As we head into the holiday season, there’s no shortage of economic news to consider — consumer inflation, producer inflation, and a freshly concluded Fed meeting, notes Peter Krauth, commodities specialist and editor of Gold Resource Investor.

Let’s start with inflation. The latest U.S. inflation reading is at 6.8% for the last 12 months. That is big. In fact, it’s the highest reading since 1982, or 39 years! November made for the 5th straight month that inflation was above 5%. Food prices are running at 6.1%, energy is at 33.3%, new vehicles are up 11.1%, used cars and truck are up 31.4%, and on and on.

The other big number to note is the Producer Price Index (PPI). Remember, the PPI is a price index that tracks changes in the cost to produce the things that we as consumers buy. So it’s not the final product, but the raw materials and other inputs to make those products.

The latest PPI reading was 9.6%, the highest ever since the readings have been tracked, going back to November 2010. And if producers are paying nearly 10% more, how long do you think it will be before those costs get passed on?

According to the Food and Agriculture Organization of the United Nations (FAO), food prices are up dramatically worldwide. The chart on the right shows individual year food prices since 2018. As you can see, 2020 and 2021 have seen huge increases. In the last 12 months global food prices are up an astounding 27.3%

And in Canada, recent forecasts suggest consumers will endure 7% higher prices for food in 2022. That translates to $1,000 per average household, and is a big number for many to pay.

The point is, transitory is gone, and high inflation is here to stay. What’s the Fed doing about it? Well, at this week’s meeting, they decided to speed up the tapering of their bond purchase program.

It was announced in November that they would speed the pace of tapering from $15 billion per month to $30 billion. At this rate they will end bond purchases by March 2022, rather than mid-2022. But that’s not really tightening. It’s actually lessening the ongoing “easing”. It’s still stimulating, but at a slower pace. Tightening will only happen once they start to raise rates.

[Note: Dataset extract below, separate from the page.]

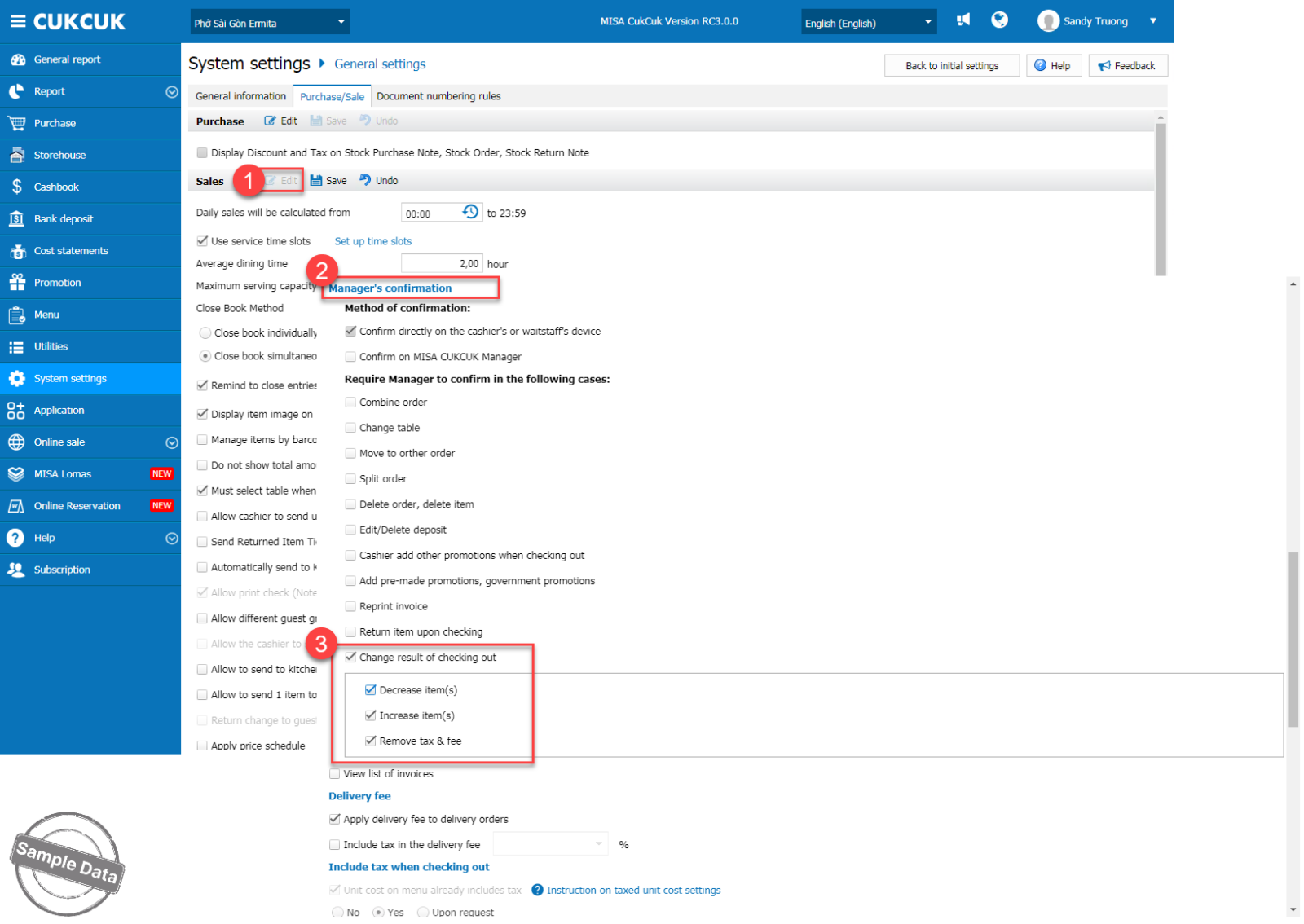 To control when and by whom this charge is edited or removed, on Sales tab, click Edit and scroll down to Manager’s confirmation. Check Change result of checking out and check applicable actions.
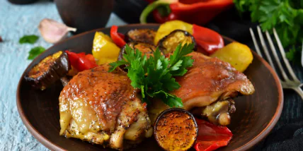 З курки можна приготувати безліч страв: від класичної запеченої до соковитої у вершково-грибному соусі або ароматного каррі. Курячі стегна особливо добре підходять для запікання, оскільки залишаються м’якими і соковитими, а правильний вибір спецій та масла робить їх ароматнішими. Але сьогодні пропонується швидкий і простий рецепт курки в духовці, який не потребує складних соусів і при цьому зберігає соковитість м’яса. Для найкращого результату варто обирати свіжі стегна без кісточки, молоді овочі і вершкове масло високої якості; якщо використовуються спеції, краще робити власні суміші або перевірені готові, щоб не перебити природний смак курки. Рецептом з нами поділилися на Instagram-сторінці "irina.cooks.it".

I think that once the market realizes the Fed will only be able to raise rates very slowly, the U.S. dollar will start to weaken once again. After six months straight of above 5% inflation, I expect consumers to start accepting that as the new normal. And that will set the stage for gold to enter a new phase of rising prices.


Through the past year gold has struggled somewhat as it continues to digest the strong gains of the past two years. Many wonder, has gold lost its golden touch? But remember, gold was $1,200 as recently as late 2018. It’s now almost 50% higher! That looks pretty good to me.

I don’t see an asset that’s struggling. Instead, I see an asset that’s consolidating, and building strength before starting a new leg up. I think that once the market sees the Fed is unable to raise rates meaningfully enough to actually dent inflation, gold will resume its bull market action. And given recent events, that time may not be far off.

So as we get closer to calling 2021 “last year”, look for gold to surprise on the upside. It’s coming. The only question is whether that time is sooner or later. Gold investors’ patience will be rewarded. And I think 2022 will bring that turning point.

Among our portfolio holds, we own ETFs — Sprott Physical Gold Trust (PHYS) offers basic exposure to the gold price along with low risk and a low premium to gold prices.

Sprott Gold Miners ETF (SGDM) offers excellent, instant diversification, exposure to a high potential sector and low overall sector risk. It should run higher next year, especially if the Fed starts to raise rates. Meanwhile, gold miners remain very undervalued right now.

Sprott Junior Gold Miners ETF (SGDJ) offers exposure to the higher potential junior gold sub-sector. and mid-tier The ETF has exposure to mid-tier company which mostly remain very undervalued. The ETF also pays an attractive 2.21% dividend.